Save the Children International (SCI) has lamented that available data shows global vaccination rates have dropped to levels not seen in a decade, with 3.5 million fewer children receiving vaccines in 2020 compared to 2019.
According to a press statement released on Monday, April 25, by the charity organisation to commemorate World Immunisation Week, the COVID-19 pandemic contributed to the disruption of immunisation services, leaving millions of children at greater risk of missing out on critical vaccinations against diseases like measles, mumps, whooping cough, pneumonia, and poliomyelitis.
SCI believes that immunisation saves millions of lives and it is recognised as one of the world’s most successful health interventions as it prevents diseases, disabilities, and deaths from vaccine-preventable diseases (VPDs).
Amanuel Mamo, Director of Advocacy, Campaigns, Communication and Media, SCI Nigeria, called upon the government to scale-up vaccines for preventable diseases.
“We urge the Government of Nigeria to support an increase in domestic investment in the health sector to meet the 15 per cent target of the Abuja Declaration and ensure that health spending improves child health services.”
Mamo said services should include removing user fees, reducing non-financial barriers to accessing care, and prioritising primary health services, among others. “Focusing on zero-dose children is particularly important because those who are reached with the first vaccine are highly likely to also receive remaining dosages,” he added.
World Immunisation Week
World Immunisation week is celebrated in the last week of April annually, and aims to highlight the collective action needed, and to promote the use of vaccines to protect people of all ages against disease.

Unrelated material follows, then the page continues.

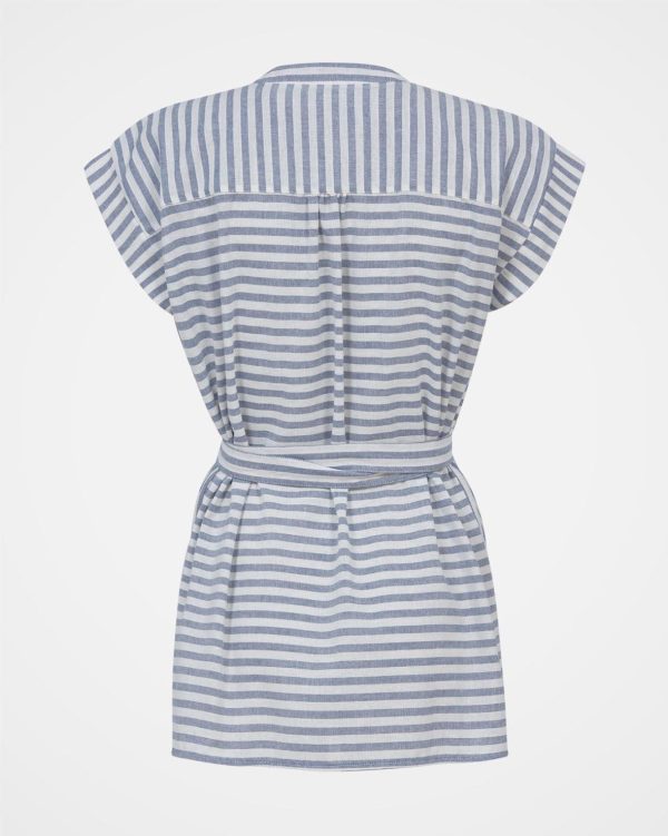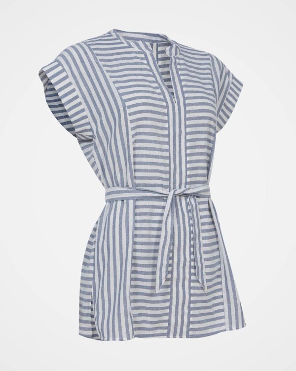 The Cutabout Stripe Tunic has an effortless, loose fit that can be pulled in at the waist for a more fitted look. The natural fabric feels soft on skin and breathable. The notch neck detail is complimented by a small stand collar, and grown on sleeves add slight coverage. Finishing below the hip, this top pairs perfectly with our Celt Shorts and Celt Trousers.

Mamo explained that, “this week provides us an opportunity to increase public awareness about the importance of every person’s need and rights, including that of children, girls, women and people with disabilities, to be protected from vaccine-preventable diseases.”
According to a report, seven out of 10 children are not fully vaccinated in Nigeria with some receiving as low as one. According to the Nigerian Demographic and Health Survey 2018, 19 per cent of children aged 12 – 23 months were not vaccinated at all.
While the SCI has mentioned the advent of COVID-19 as a contributing factor, in Nigeria, the reasons are more complex as things such as health services quality, equal distribution of vaccines, and overall lack of awareness hindered the full vaccination of children.
Recently, over a million children in Ghana, Kenya, and Malawi have reportedly received one or more doses of the world’s first malaria vaccine through a pilot intervention backed by the World Health Organisation (WHO).
However, Nigeria, which accounts for 27 per cent of malaria cases globally, has been left out of this intervention due to lack of proper health systems.